Thursday, July 21, 2005

the MTA blues

Riding the subway really blows goats. Yeah, yeah, I know it's the smartest way to transport Manhattan's teeming masses, but being a mass on the teem is about as fun as synchronized swimming in the Florida Everglades.

Anyway. My commute is a daily, hour-long, train-hopping fresh torture. I am a small person so the lummoxes and walking Stay-Puft people don't notice their elbows crushing my windpipe, or their Hulk feet pulverizing my dainty feet. People smell bad. People chomp gum, sweat, pick at themselves, expel fluid, emit body sounds freely, share the perfume/cologne/body spray they've been marinating in, and generally behave like they're home alone in their bathroom instead of crammed elbow-to-asshole with 100 other people in an airless metal chamber hurtling through the underground of New York City.
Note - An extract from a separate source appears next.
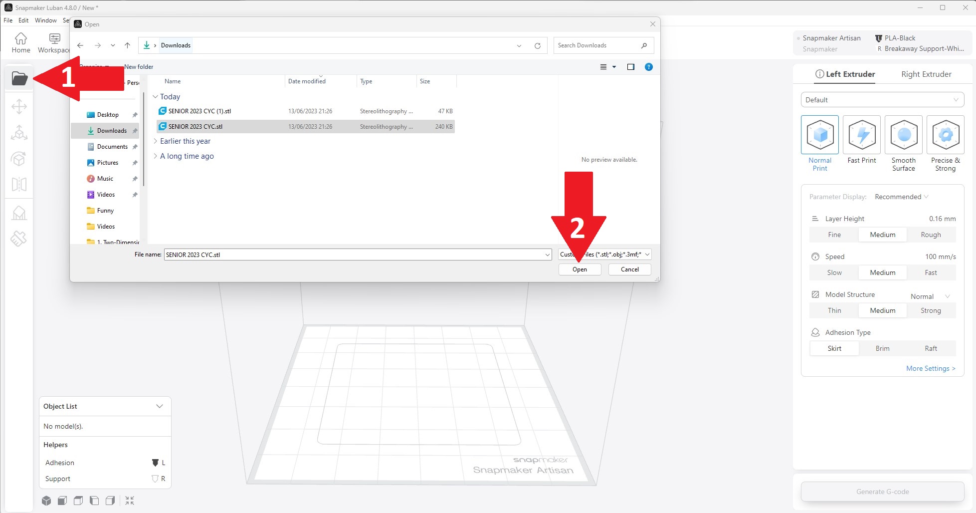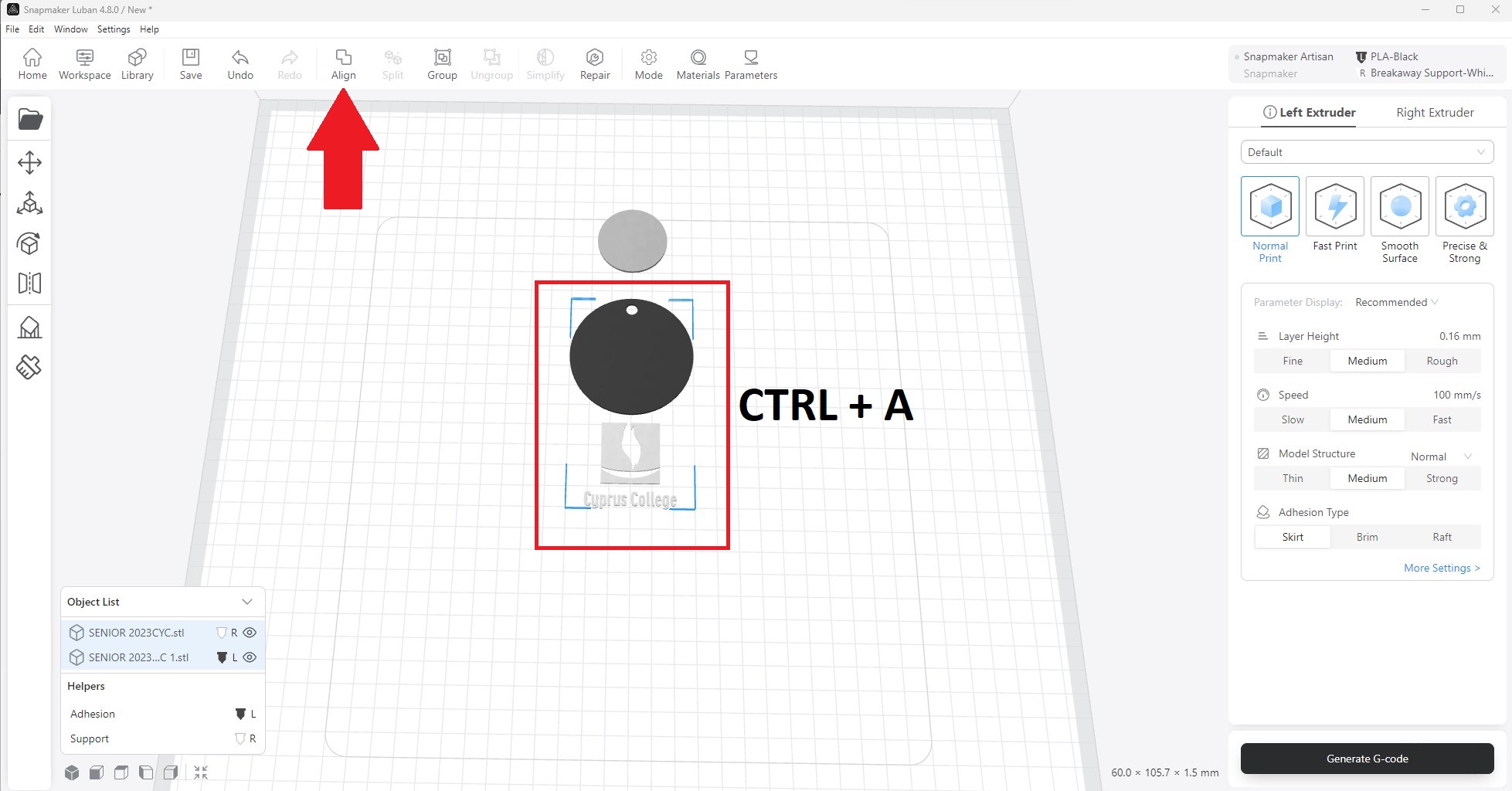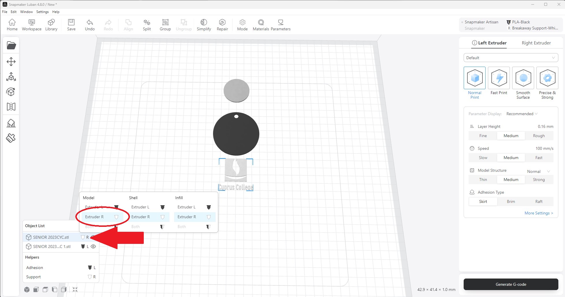 - If you have two models and you want to print each one with a different color, then choose for each model which nozzle you want it to print from (there are 2 nozzles, Left and Right, and each one prints with a different material color).

Each day, I read the Post and pretend I'm Judy Jetson, piloting a single-occupant space ship to work and arriving just as fabulous as I was when I exited the apartment building in Brooklyn. This only rarely works, but it's a fun diversion. What really twists my thong, though, are the Sloth People. Gingerly descending or ascending stairways or mega-carefully entering/exiting subway cars, they somehow always manage to block my forward progress, invariably making me late and volcanically irritated. They aren't always heavy, or elderly, or tourists. I'm beginning to believe some of them are DOING IT ON PURPOSE!
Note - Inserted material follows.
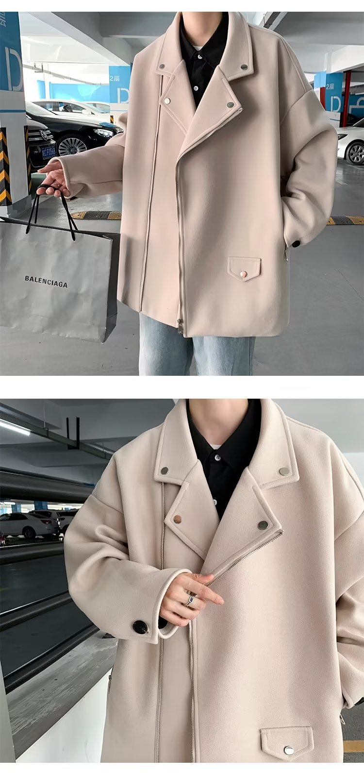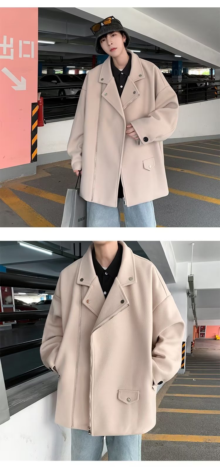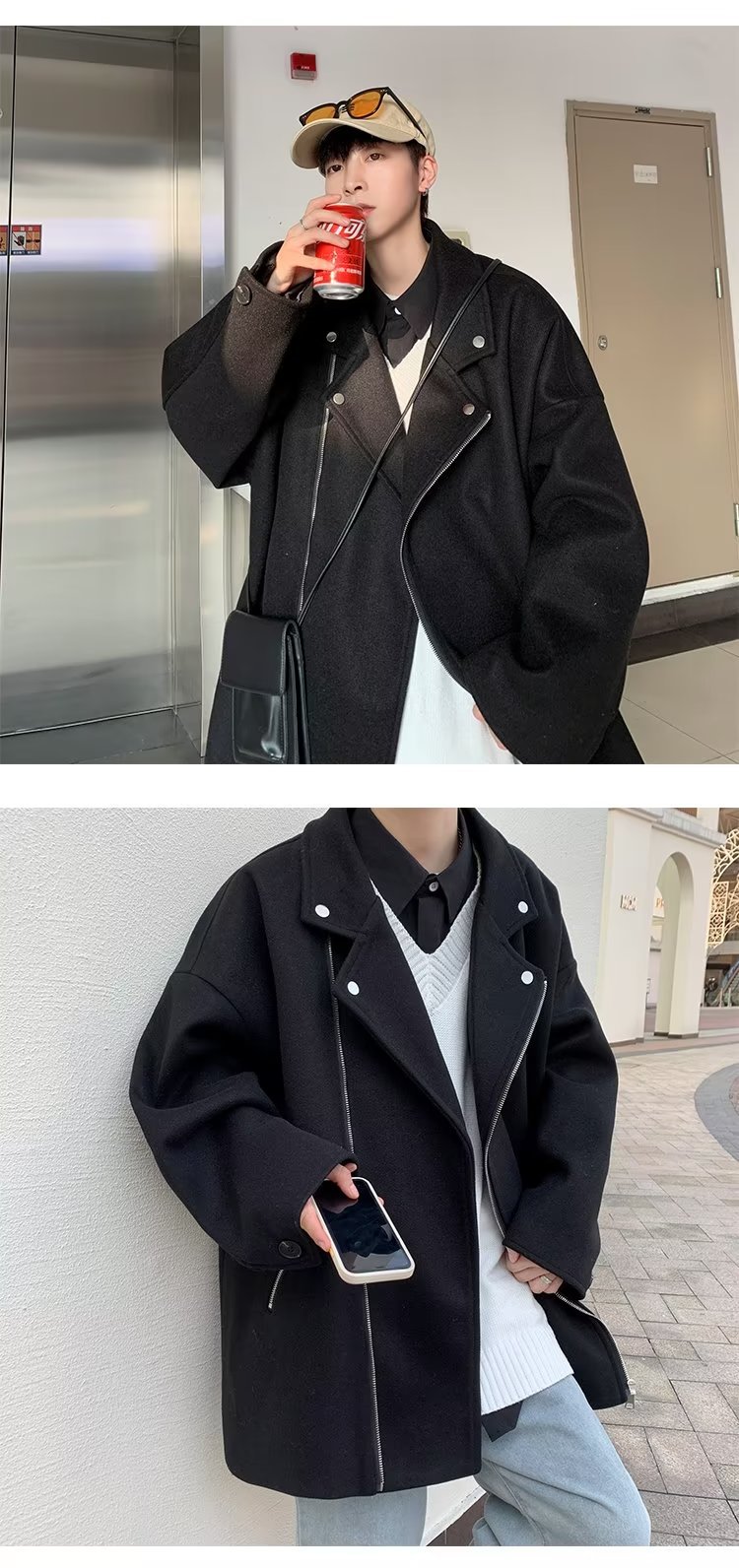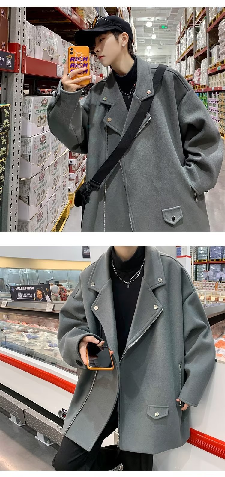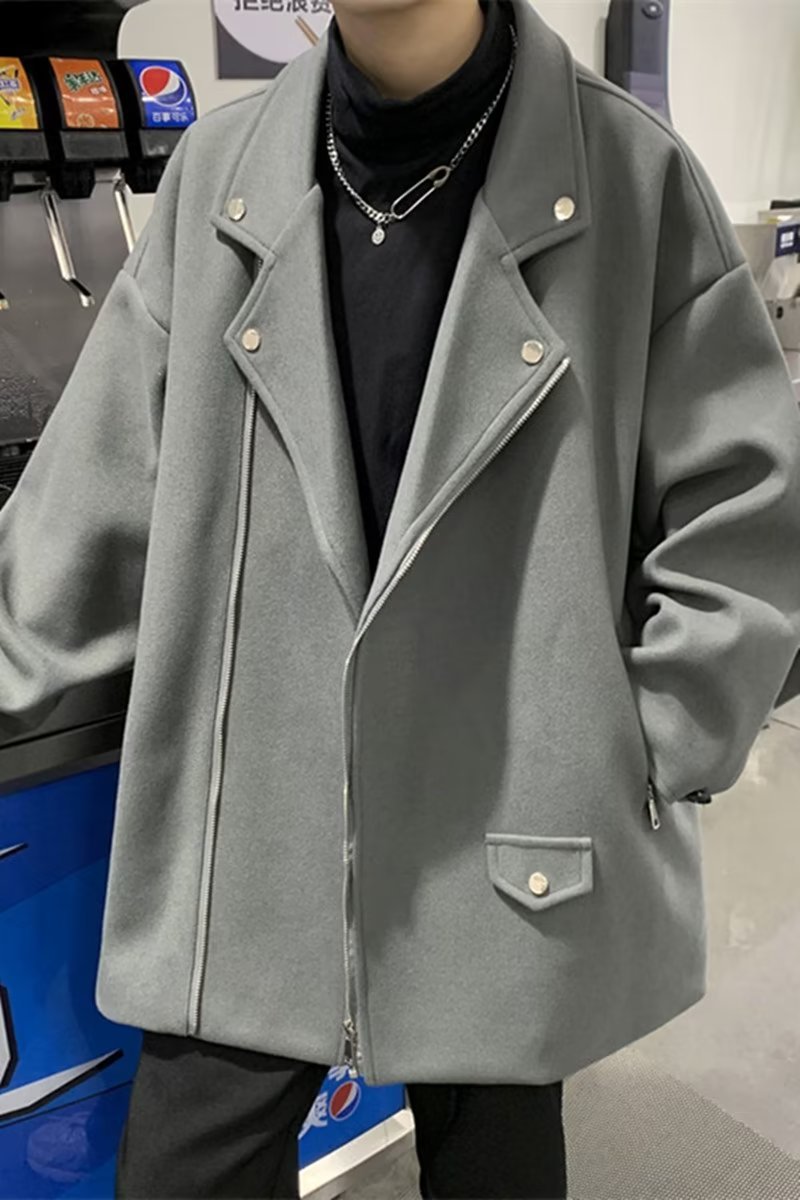 Acha y Agu abrigo de lana con bolsillo azul para hombres tendencia de invierno nueva pareja chaqueta de lana suelta

Now before you jump to any conclusions, dear reader, I'm not inclined to suspect conspiracies. In fact, I distrust the idea of conspiracies, in general. It's phenomenally hard to get a group of any kind of people to agree to anything long-term. I do believe, however, in coincidences. Laws of averages have to apply to everything, don't you think? In any case, I have witness unrelated people doing, saying, or thinking the precise exact thing and believing themselves unique, on many non-consecutive occasions. Just as I've seen men and women of all shapes, sizes, age, etc., plod along in the subway station like they are 78 records in a radio station that only plays 45 records. SO! There are people in normal physical health who are capable of moving their asses at or near the same speed of others around them, who choose not to, for some diabolical reason. They must be stopped.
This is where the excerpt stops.